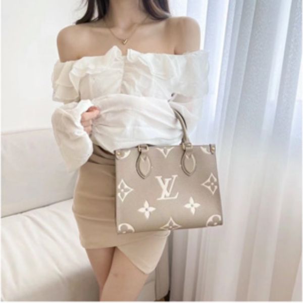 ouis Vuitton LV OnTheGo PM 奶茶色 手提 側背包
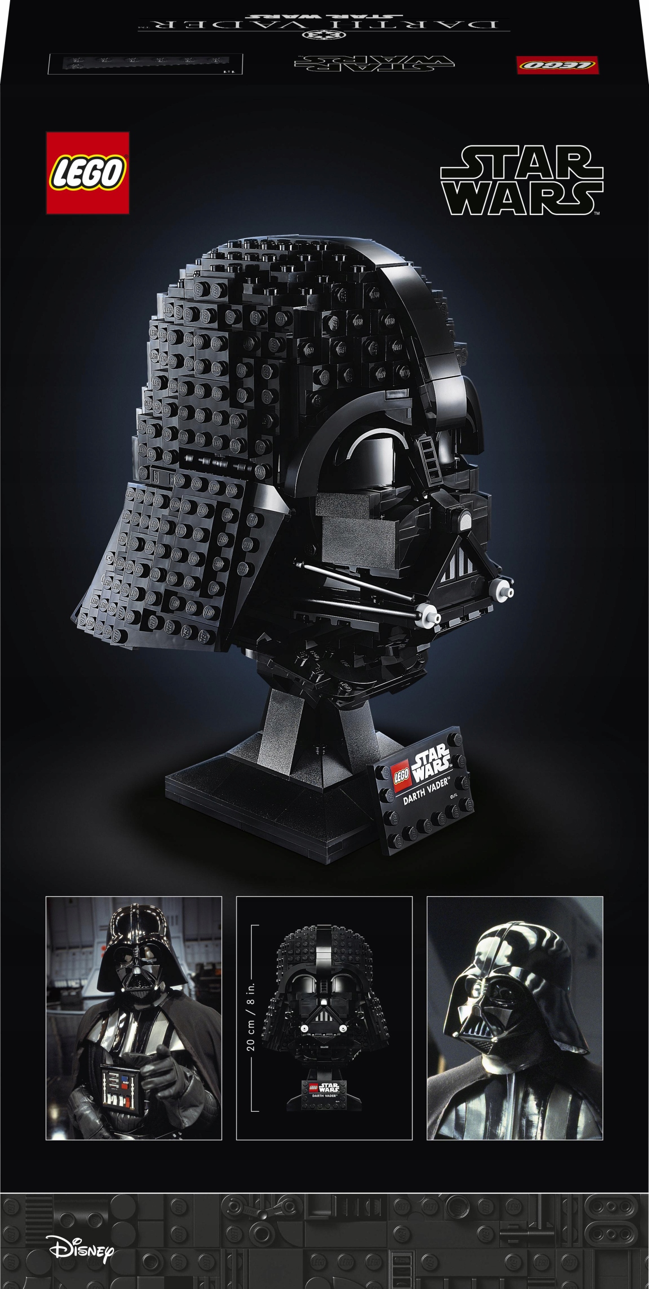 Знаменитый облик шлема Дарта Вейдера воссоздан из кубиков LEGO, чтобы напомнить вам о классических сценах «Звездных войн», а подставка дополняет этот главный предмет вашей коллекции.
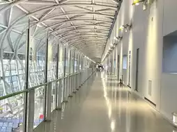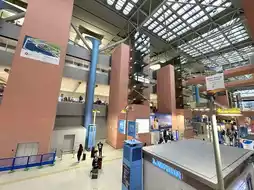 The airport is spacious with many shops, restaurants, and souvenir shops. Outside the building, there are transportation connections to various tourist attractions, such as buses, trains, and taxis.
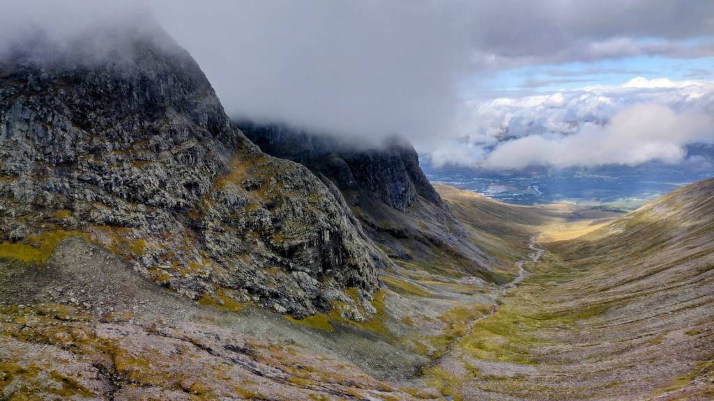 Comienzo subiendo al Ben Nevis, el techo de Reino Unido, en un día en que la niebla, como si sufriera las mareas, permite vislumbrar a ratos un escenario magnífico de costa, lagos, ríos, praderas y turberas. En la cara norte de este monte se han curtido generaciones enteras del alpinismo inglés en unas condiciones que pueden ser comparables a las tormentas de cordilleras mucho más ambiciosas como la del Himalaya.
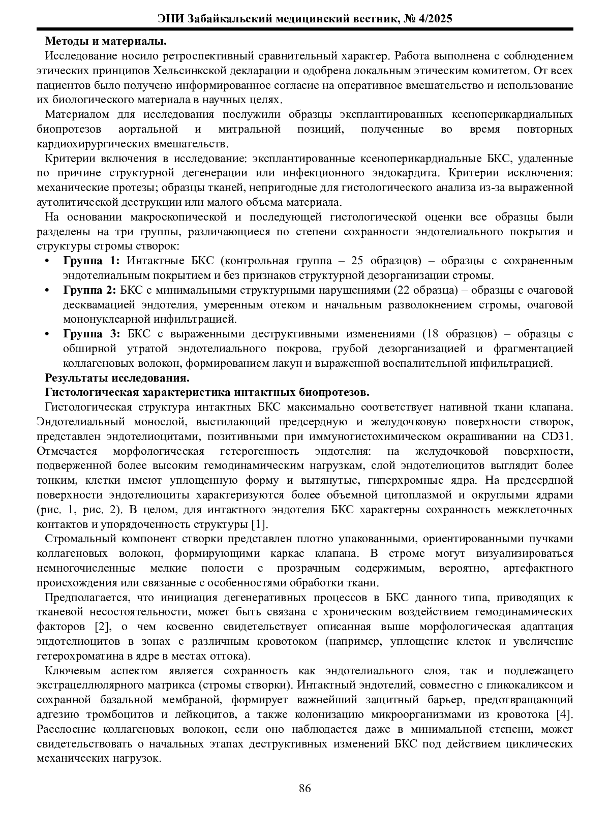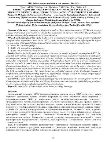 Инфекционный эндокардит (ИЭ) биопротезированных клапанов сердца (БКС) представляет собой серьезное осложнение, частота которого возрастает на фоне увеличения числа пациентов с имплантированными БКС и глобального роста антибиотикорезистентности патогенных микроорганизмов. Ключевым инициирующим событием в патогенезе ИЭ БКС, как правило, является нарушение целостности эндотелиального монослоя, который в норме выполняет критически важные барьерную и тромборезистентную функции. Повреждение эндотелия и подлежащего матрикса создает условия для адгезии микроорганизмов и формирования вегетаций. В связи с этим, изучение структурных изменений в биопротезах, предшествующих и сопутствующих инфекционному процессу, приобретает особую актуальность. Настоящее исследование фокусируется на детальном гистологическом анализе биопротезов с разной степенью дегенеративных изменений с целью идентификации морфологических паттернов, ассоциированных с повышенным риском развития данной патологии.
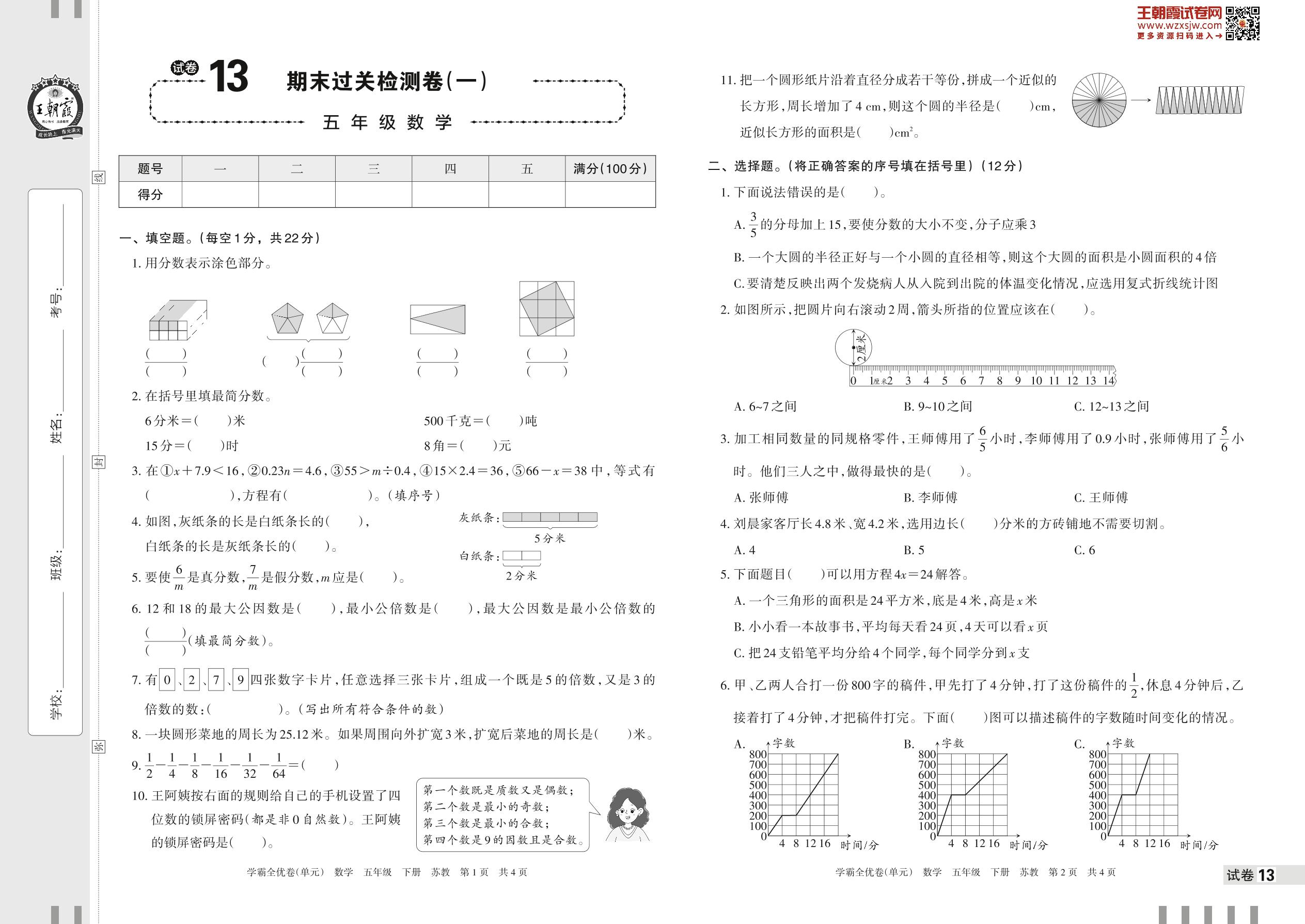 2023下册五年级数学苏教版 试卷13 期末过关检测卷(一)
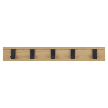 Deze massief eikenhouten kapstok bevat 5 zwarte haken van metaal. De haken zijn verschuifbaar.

----------------------------------------

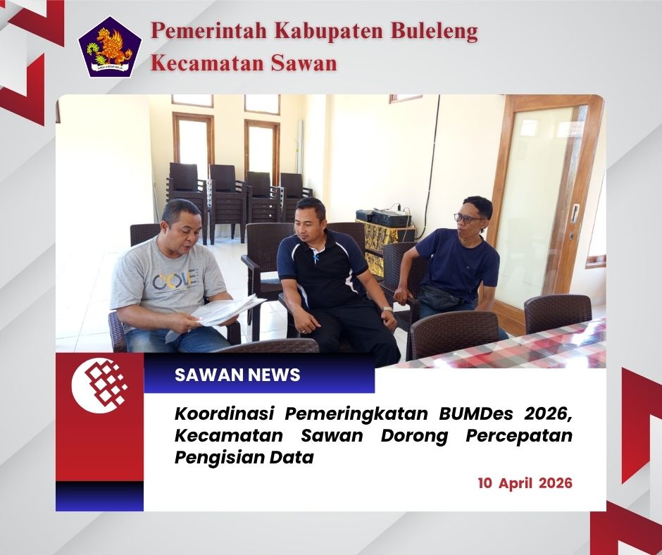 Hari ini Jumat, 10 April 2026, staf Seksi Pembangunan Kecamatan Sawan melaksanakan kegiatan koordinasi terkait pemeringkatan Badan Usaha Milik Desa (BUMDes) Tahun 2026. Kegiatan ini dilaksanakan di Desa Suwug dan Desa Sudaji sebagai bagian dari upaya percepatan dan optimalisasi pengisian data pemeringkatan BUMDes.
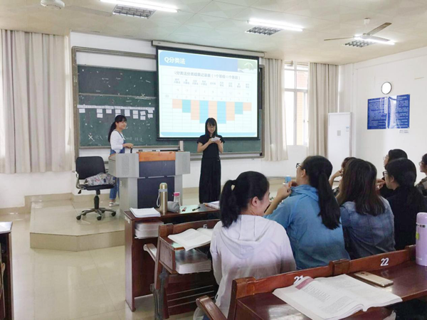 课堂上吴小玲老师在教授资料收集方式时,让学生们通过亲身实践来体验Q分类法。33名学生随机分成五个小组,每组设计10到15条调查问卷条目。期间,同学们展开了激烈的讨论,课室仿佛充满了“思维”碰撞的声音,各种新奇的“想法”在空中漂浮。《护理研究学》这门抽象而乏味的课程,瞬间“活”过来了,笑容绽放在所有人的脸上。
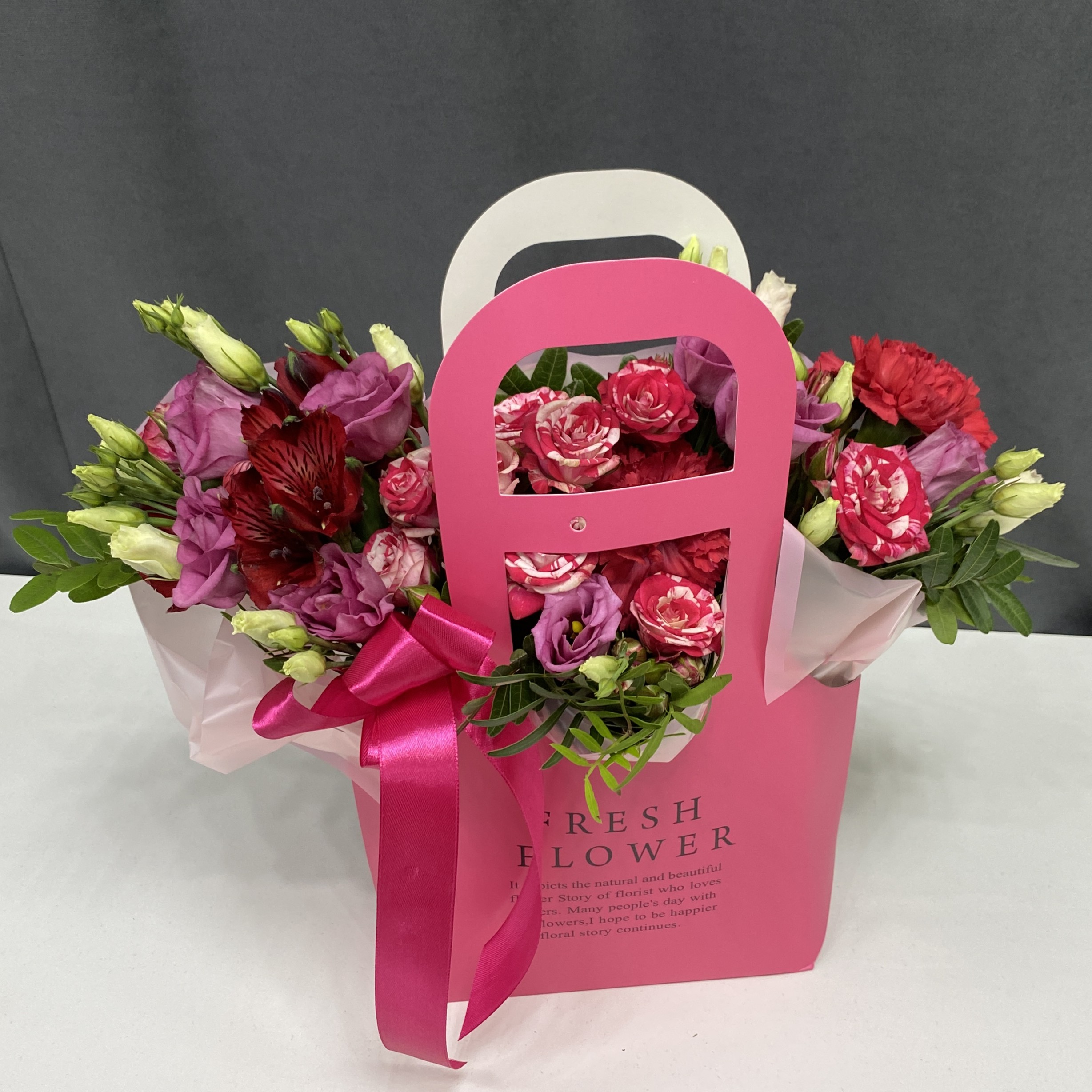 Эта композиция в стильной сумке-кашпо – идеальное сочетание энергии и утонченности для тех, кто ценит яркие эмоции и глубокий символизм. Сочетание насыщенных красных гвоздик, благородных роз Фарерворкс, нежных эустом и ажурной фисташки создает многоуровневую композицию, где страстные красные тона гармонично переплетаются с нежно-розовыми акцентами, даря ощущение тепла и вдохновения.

----------------------------------------

WORK TASK
Your answer should be the lines above, word for word, from the line with "The airport is" through the line with "Comienzo subiendo al", minus the pictures.

SOLUTION TO THIS PROBLEM
 The airport is spacious with many shops, restaurants, and souvenir shops. Outside the building, there are transportation connections to various tourist attractions, such as buses, trains, and taxis.
 Comienzo subiendo al Ben Nevis, el techo de Reino Unido, en un día en que la niebla, como si sufriera las mareas, permite vislumbrar a ratos un escenario magnífico de costa, lagos, ríos, praderas y turberas. En la cara norte de este monte se han curtido generaciones enteras del alpinismo inglés en unas condiciones que pueden ser comparables a las tormentas de cordilleras mucho más ambiciosas como la del Himalaya.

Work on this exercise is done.